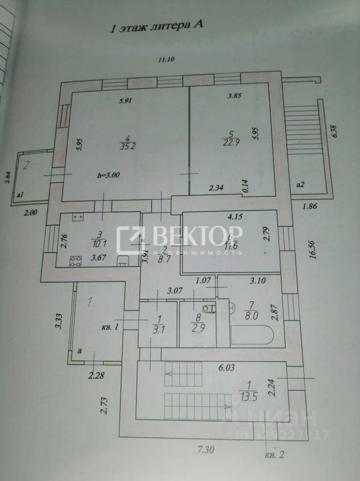 Продаётся первый этаж двухэтажного дома с отдельным входом (выделен в квартиру), общей площадью 160 м. Площадь первого этажа - 114,2 м. Здесь расположены три комнаты (35,2 м, 22,9 м, 11,6 м), кухня (10,1 м), ванная (8,0 м), раздельный туалет, прихожая, коридор и две пристройки.
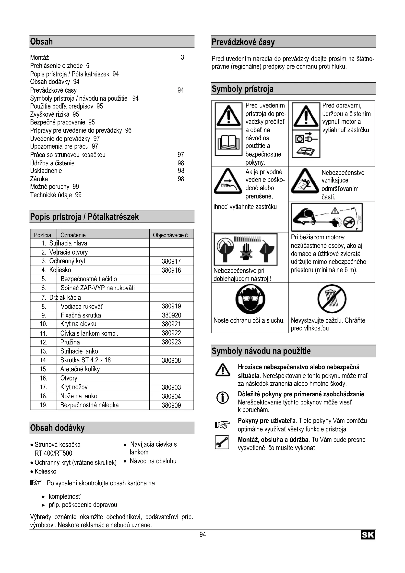 - Samovolné zmeny na strunovej kosačke vylucujú zodpovednost vyrobcu za vzniknuté škody akéhokol'vek druhu.
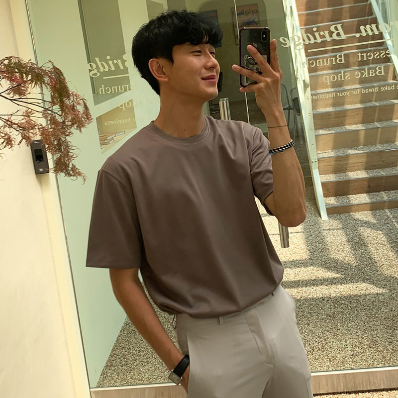 夏季韩版纯色圆领半袖休闲潮牌潮流宽松百搭短袖T恤男打底衫
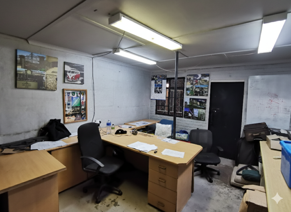 Workshop Control: Private Supervisor''s Office strategically overlooking the main workshop floor for oversight.
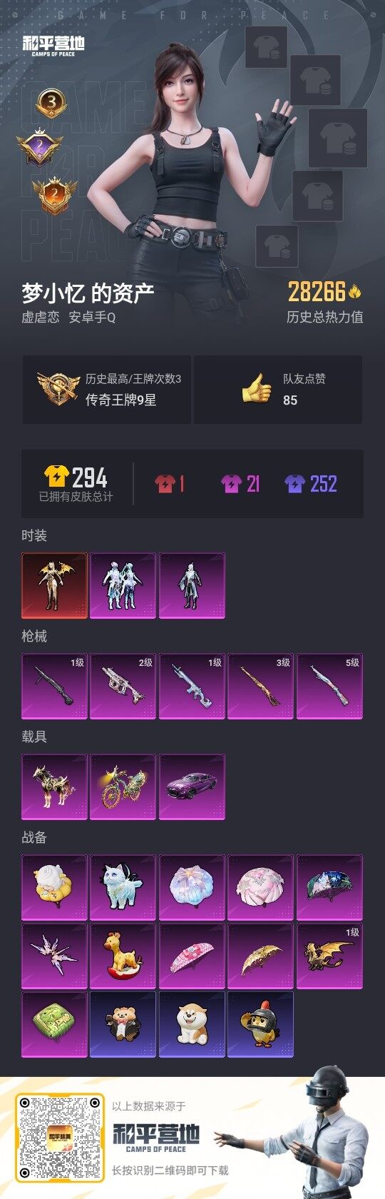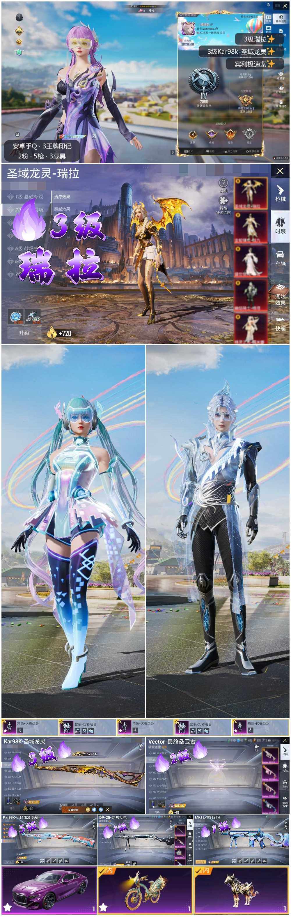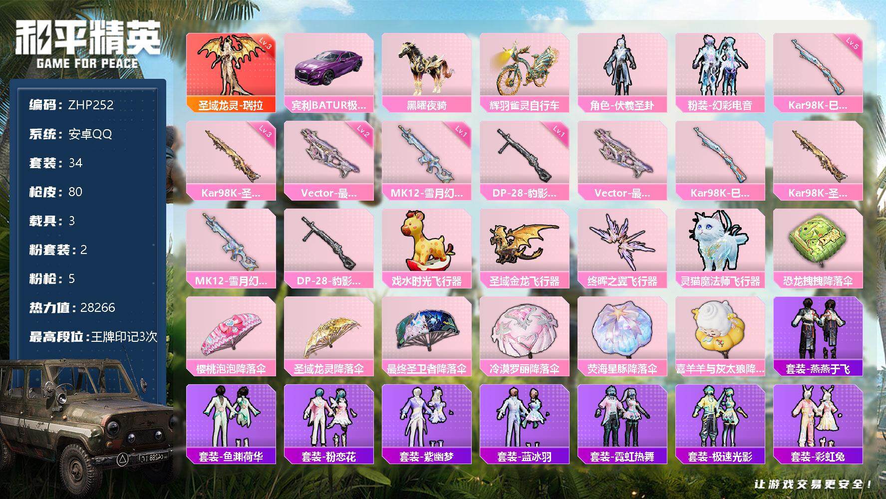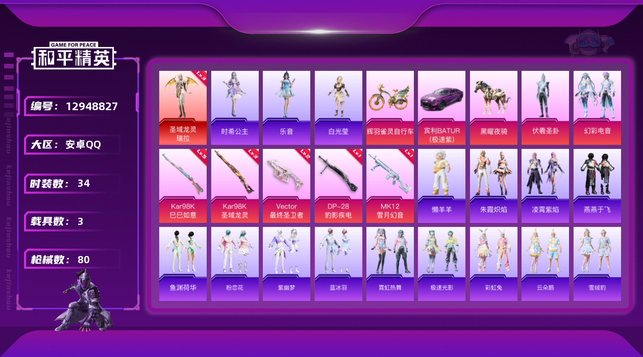 [12948827]素材身法号/扭蛋碎片732/璀璨碎片734 安卓 手Q-1神装-2粉装-5特效枪-3载具-4粉色飞行器-2.8w热力值-3王牌印记-34套装-80枪皮【红色神装等级】:圣域龙灵-瑞拉(三级)【粉色载具】:宾利BATUR(极速紫),黑曜夜骑,辉羽雀灵自行车【粉色套装】:角色-伏羲圣卦,粉装-幻彩电音【粉色枪皮等级】:Vector-最终圣卫者(二级),Kar98K-巳巳如意(五级),Kar98K-圣域龙灵(三级),MK12-雪月幻音(一级),DP-28-豹影疾电(一级)【粉色飞行器】:戏水时光飞行器,圣域金龙飞行器,终晖之翼飞行器,灵猫魔法师飞行器

Requirement – The answer must be the lines above from the line that contains "- Samovolné zmeny" to the final line of the data, word for word, with no pictures.

Your response –
 - Samovolné zmeny na strunovej kosačke vylucujú zodpovednost vyrobcu za vzniknuté škody akéhokol'vek druhu.
 夏季韩版纯色圆领半袖休闲潮牌潮流宽松百搭短袖T恤男打底衫
 Workshop Control: Private Supervisor''s Office strategically overlooking the main workshop floor for oversight.
 [12948827]素材身法号/扭蛋碎片732/璀璨碎片734 安卓 手Q-1神装-2粉装-5特效枪-3载具-4粉色飞行器-2.8w热力值-3王牌印记-34套装-80枪皮【红色神装等级】:圣域龙灵-瑞拉(三级)【粉色载具】:宾利BATUR(极速紫),黑曜夜骑,辉羽雀灵自行车【粉色套装】:角色-伏羲圣卦,粉装-幻彩电音【粉色枪皮等级】:Vector-最终圣卫者(二级),Kar98K-巳巳如意(五级),Kar98K-圣域龙灵(三级),MK12-雪月幻音(一级),DP-28-豹影疾电(一级)【粉色飞行器】:戏水时光飞行器,圣域金龙飞行器,终晖之翼飞行器,灵猫魔法师飞行器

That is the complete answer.